After Haass, the apolitical ministerial toboggan ride continues…

It’s worth remembering what the Haass talks were, and what they weren’t.  This is not as easy as it may seem since the media have been portraying it has some sort of GFA3 event. In fact Dr Haass and Professor O’Sullivan is all there was: a small if perfectly formed gang of two three (plus Charles Landlow) with no support, no back up and no informed [local] advisors to tell them where the hidden trap doors where.

We should probably view Haass for what it actually was: an iteration of OFMdFM’s ill-starred Together: Building a United Community. They bundled all the things the DUP and Sinn Fein could not agree on and drew the UUP, APNI and the SDLP into a series of meetings which ultimately also failed to agree an advance on anything.
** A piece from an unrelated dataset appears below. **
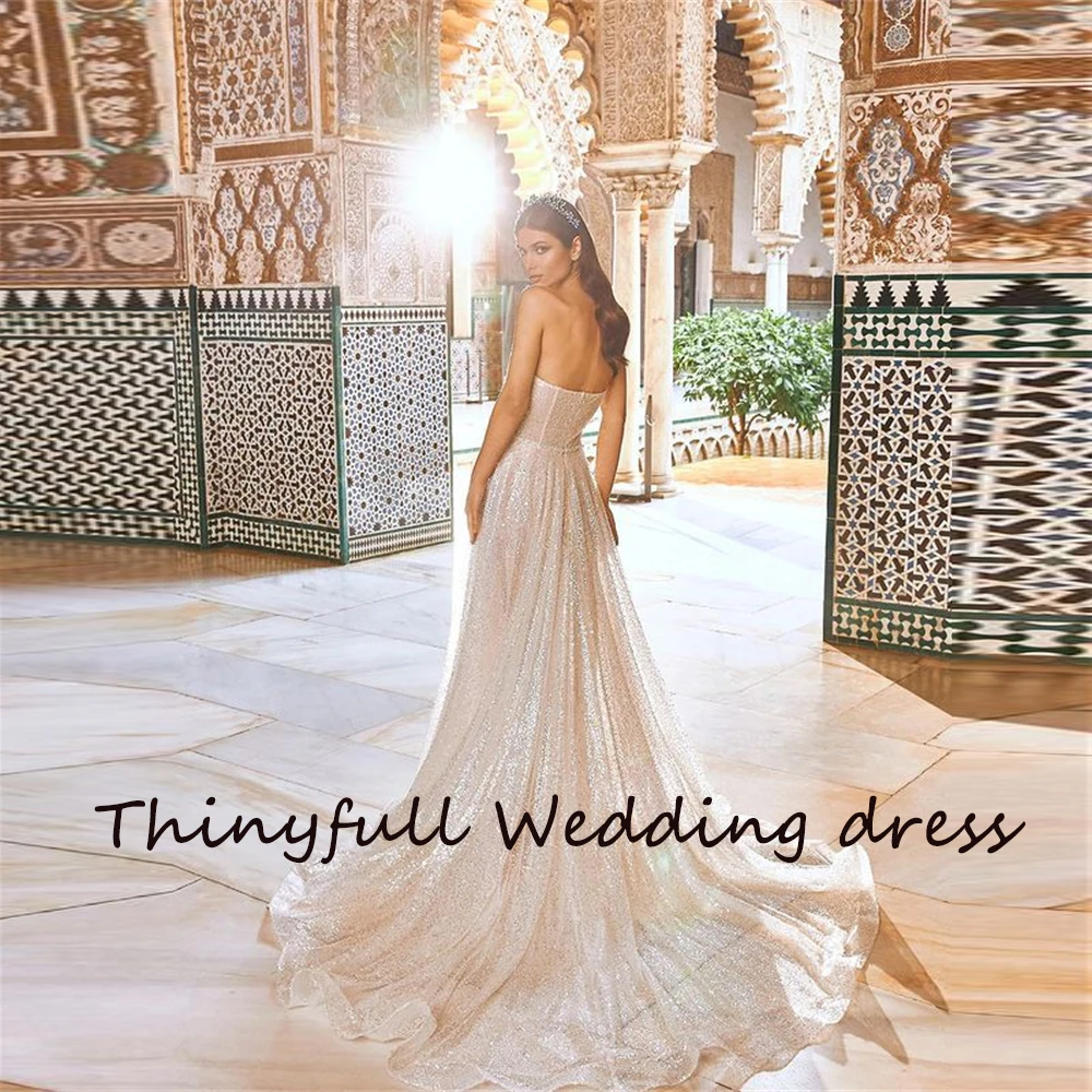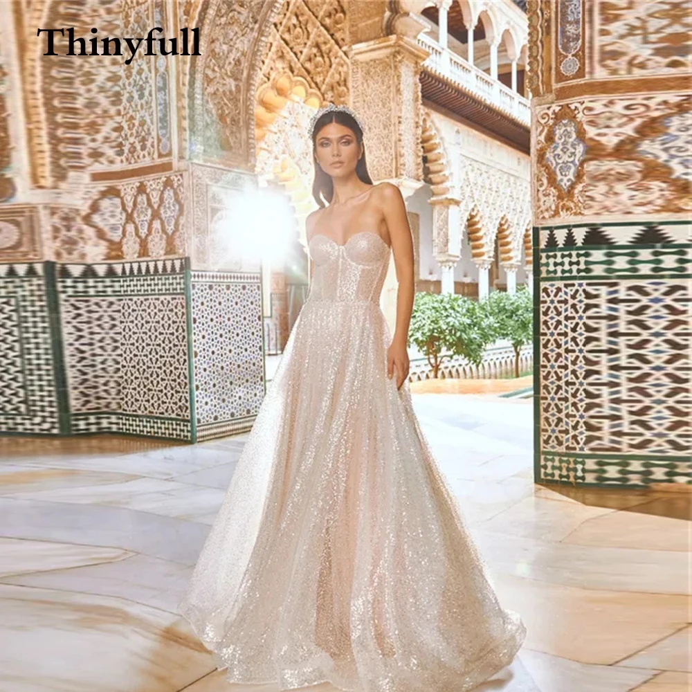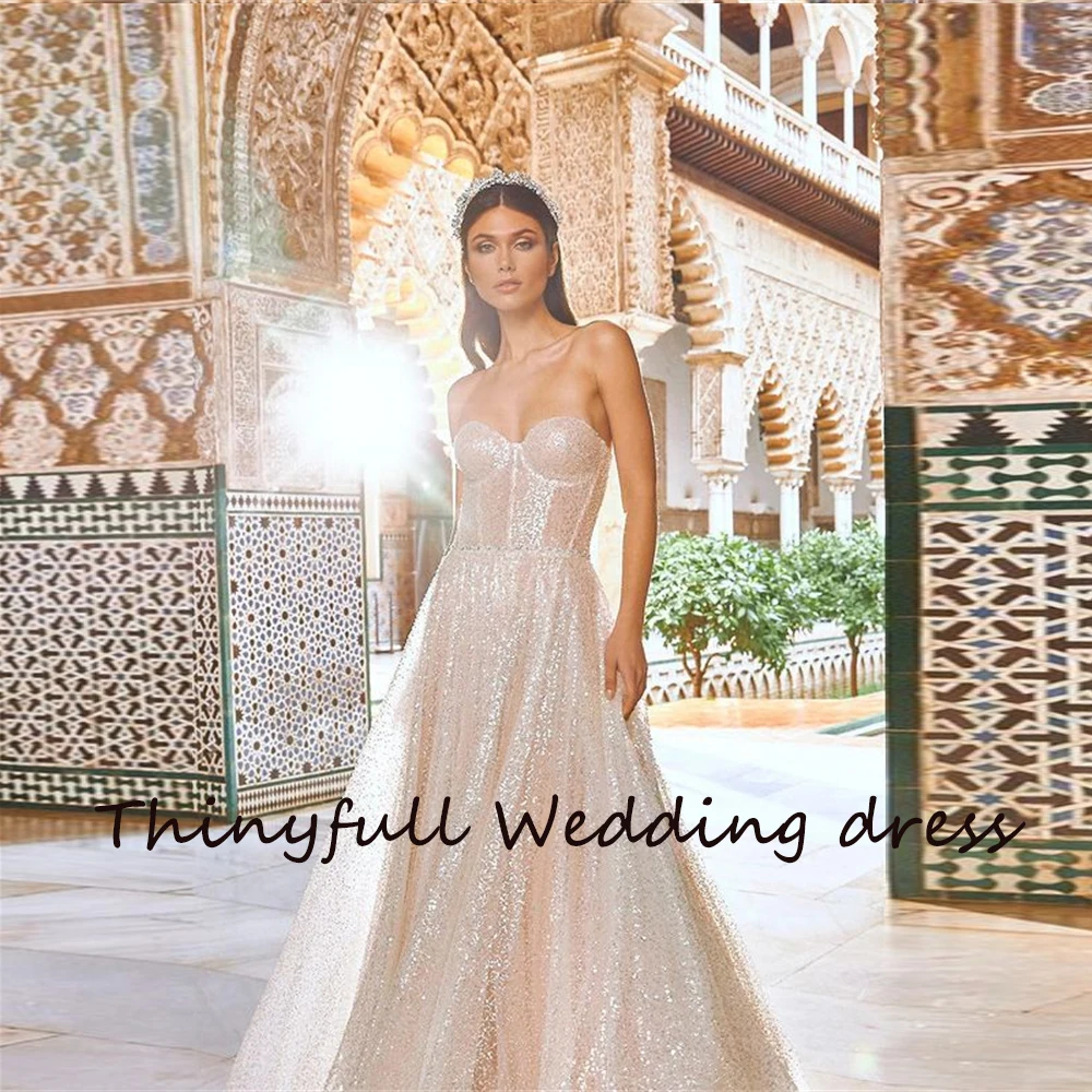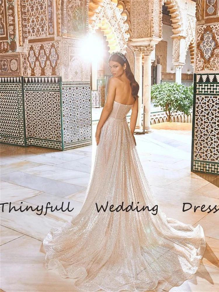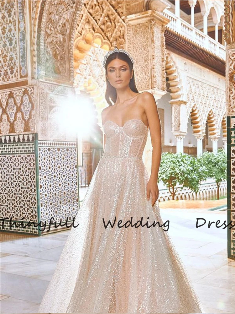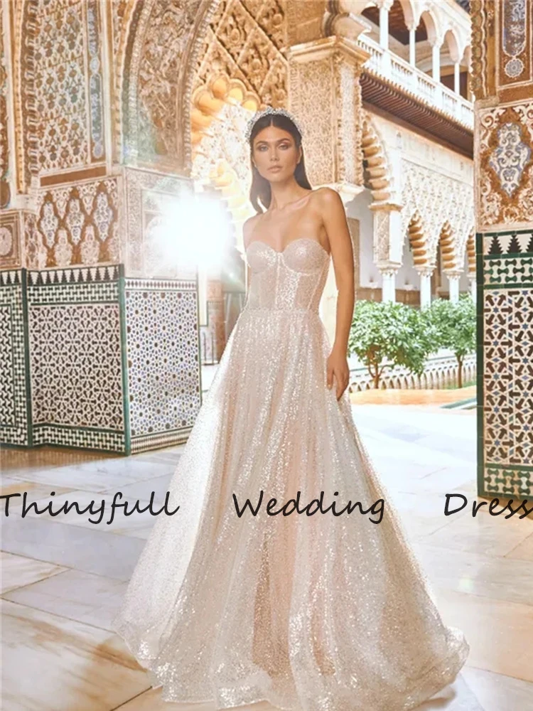 Длинные свадебные платья с пайетками без рукавов, блестящие свадебные платья с сердечком в стиле бохо, платья невесты, Пляжное ТРАПЕЦИЕВИДНОЕ свадебное платье по индивидуальному заказу

Political expectations were at most that Dr Haass could offer OFMdFM some clever new ideas for the basis of agreement. But in practice running it through committee often meant taking a good idea, like giving the new body tasked with investigating the past actual powers of investigation (something the HET never had) and then killing it by taking it away from the police and making it report to the politician dominated Policing Board.

Accounts vary of how the discussions went behind locked doors, but according to one insider Alex Attwood played blinder on promoting themed investigations of the past, using the same single transferable speech. The insider attributed to Attwood, rather than Sinn Fein, the prospering of themes through seven drafts (one mention in draft 2, and 22 by draft 7).  What political use that is to the SDLP is something of a moot point: for 80% of the heavy lifting, they’ll be lucky to acquire a 10% pay off.
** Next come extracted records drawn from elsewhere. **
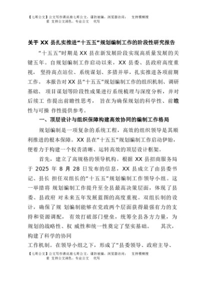 【七哥公文】2025年:关于XX县扎实推进“十五五”规划编制工作的阶段性研究报告+更多免费公文+VX:QiGeGongWen2024
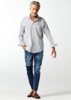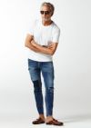 今季はクラッシュ&リペア加工を施し、ホワイトとブラックはワンウォッシュ+立体ヒゲ、インディゴはハードユーズド加工を施しています。
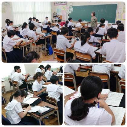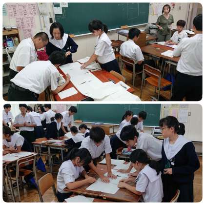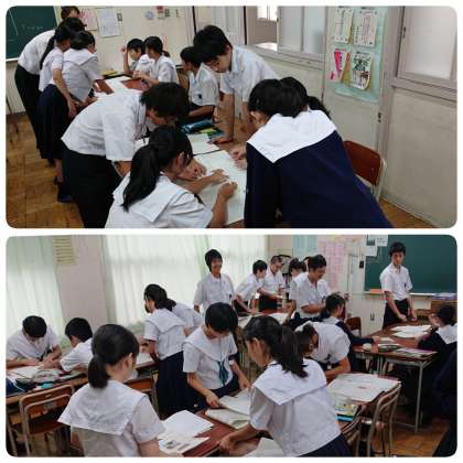 今日は、文化祭で展示する家庭科のレポート作品を繋ぎ合わせる作業を班で協力しながら行っていました。
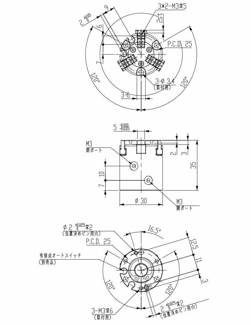 A low-profile, three-jaw parallel chuck with large opening and closing stroke.
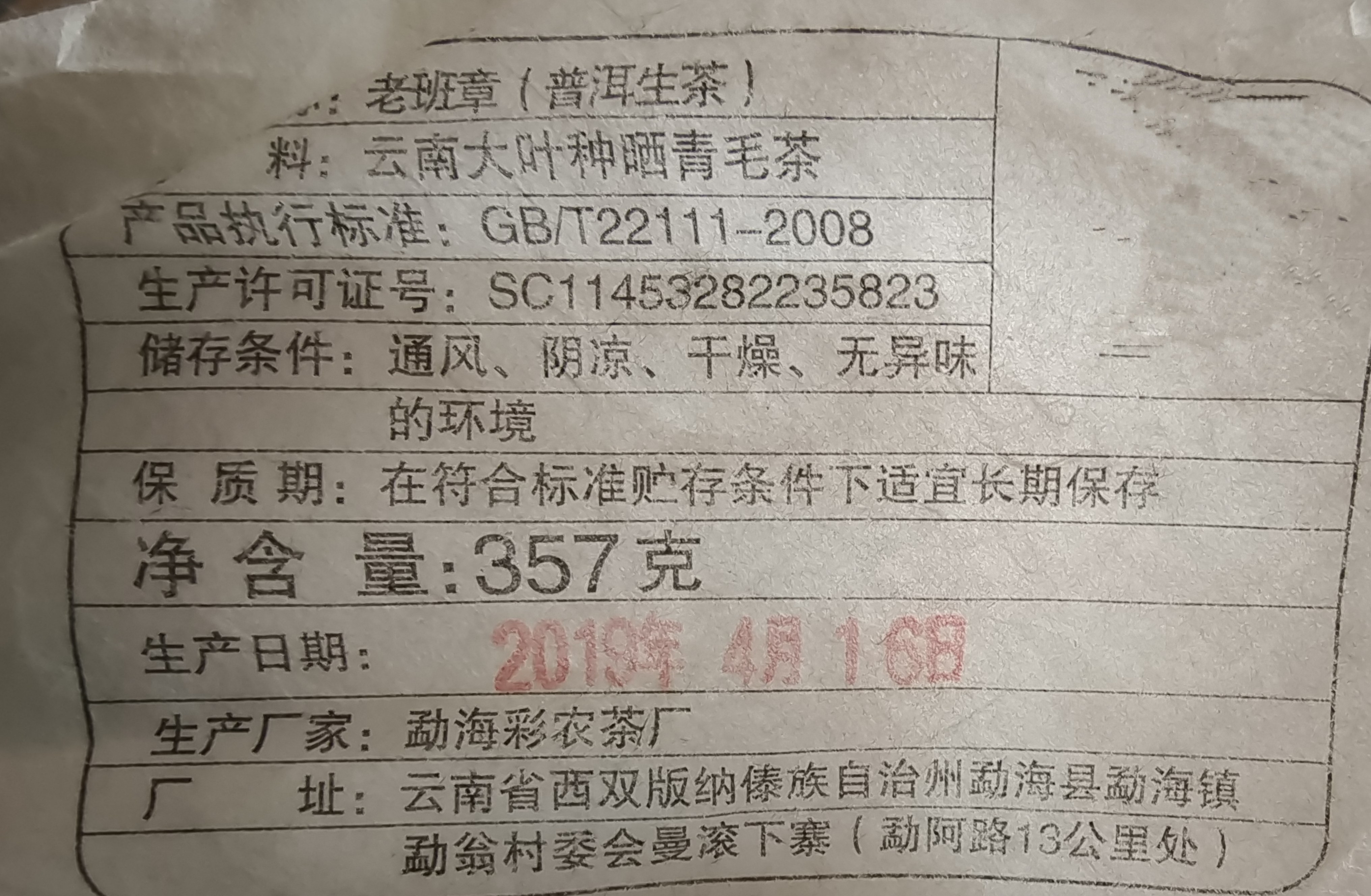 彩农茶|老班章2019头春古树纯料青饼

There are also reports that Dr Haass was dismayed with the Alliance party’s rejection of the whole deal, not least since they had played a fairly voluble role in the hammering out of several suggestions, including one for “licensing of flag and emblem displays in public space” which made a fleeting appearance in draft 2 but was gone by draft 3.
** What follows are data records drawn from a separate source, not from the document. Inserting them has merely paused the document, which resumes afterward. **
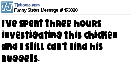 X says I've spent three hours investigating this chicken and I still can't find his nuggets.
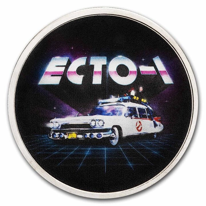Stříbrná mince Niue Valor: Ghostbusters - Ecto-1 Coloured 2 oz Silver 2024 + Die Cast Car byla vyražena u příležitosti 40. výročí uvedení amerického filmu Krotitelé duchů. Světová premiéra filmu se uskutečnila 7. června 1984
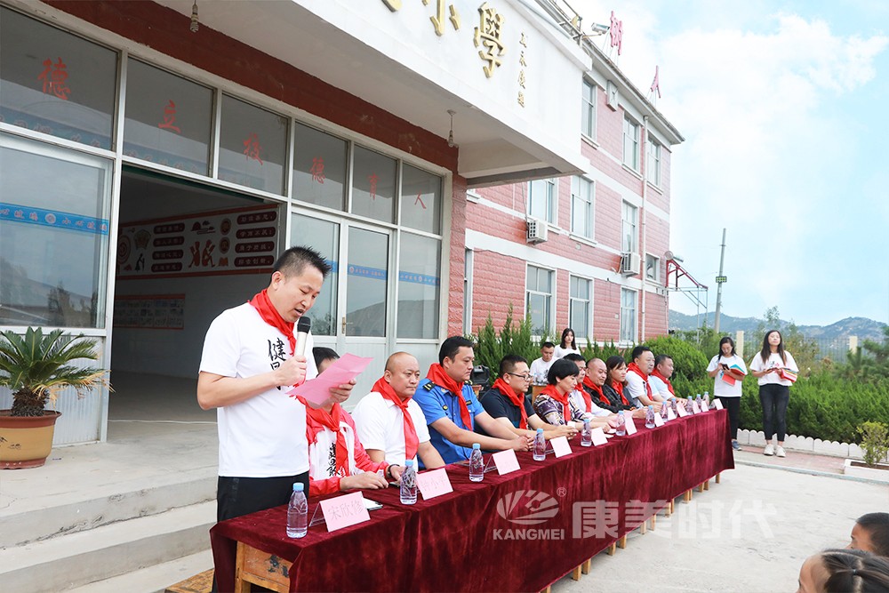 9月19日下午,在山东省泰安市高新区天宝镇前寺村明德小学同步启动“青禾行动”爱心开学日山东分会场活动。泰安高新区天宝镇党委委员孔海清镇长、泰安高新区天宝镇党委委员王玲玲主任、泰安高新区综合行政执法局天宝镇执法大队唐安然大队长、泰安高新区天宝镇前寺村支部书记耿顺臣书记、康美时代全国市场发展委委员宋欣修及其他康美市场伙伴出席了本次活动。
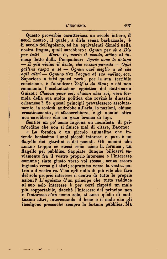 Questo proverbio caratterizza un secolo intiero, il secol nostro, il quale, a dirla senza barbazzale, è il secolo dell'egoismo, ed ha equivalenti dimolti nella nostra lingua, quali sarebbero : Ognun per sè e Dio 2>er tutti — Morto io, morto il mondo, .affine al famoso detto della Pompadour: Après nous le deluge — È più vicino il dente, che nessun parente — Ogni gallina raspa a sè — Ognun vuol meglio a sè che agli altri — Ognuno tira l'acqua al suo molino, ecc. Superiore a tutti questi però, per la sua terribile concisione, è l'olandese: Zelf is de Man; e chi non rammenta l'esclamazione egoistica del dottrinario Guizot : Chacun pour soi, chacun chez soi, vera forinola della sua stolta politica che rovinò la dinastia oileanese ? Se questi principii prevalessero assolutamente, la società andrebbe all'aria, le nazioni, chiuse emeticamente, si sfascerebbero, e gli uomini altro non sarebbero che un gran branco di lupi.

Mike Nesbitt and the UUP had been doing okay. Keeping his distance, with his team of grey beards seemingly aware that escape from OFMdFM’s blame trap would be the key marker of success. But once he’d told the media circus what he thought they wanted to hear (ie that their Christmases had not been spoiled for no good reason) that they were 90% of the way to a deal, no one wanted to hear his views on the dysfunctional machinations of the semi detached polit bureau.

Meanwhile even though there is no deal, both Sinn Fein and the DUP can accurately claim they tried to bring their cabinet colleagues, and they also failed to broker any kind of a functional agreement on the same matters. And guess what today’s headlines are about: Sinn Fein and DUP at odds over way ahead. Which is, of course, just about where we all came in.

Which mention of the Irish News leads me to Brian Feeney’s nicely acerbic column in which he notes that as Ministers most of the local administration continue to “slide on a toboggan supplied by their civil servants”. He goes on:

If they can’t agree on how to allocate money to the poorest in society, why on earth did anyone imagine they could agree on contentious matters like flags and emblems?

Come to think of it, the very fact that the main parties devoted their longest ever face to face sessions since 2007 to discussing stuff which doesn’t affect the living standards of anyone here is testimony in itself to their failure as politicians.

That was their priority in these times?

Well, quite. But Feeney also pinpoints a key reason for the drift. Haass was, amongst other things, a think in. Why? Because ‘the current crop came into politics without any ideas, plans, local schemes or projects to implement’. There’s only plans they want to block.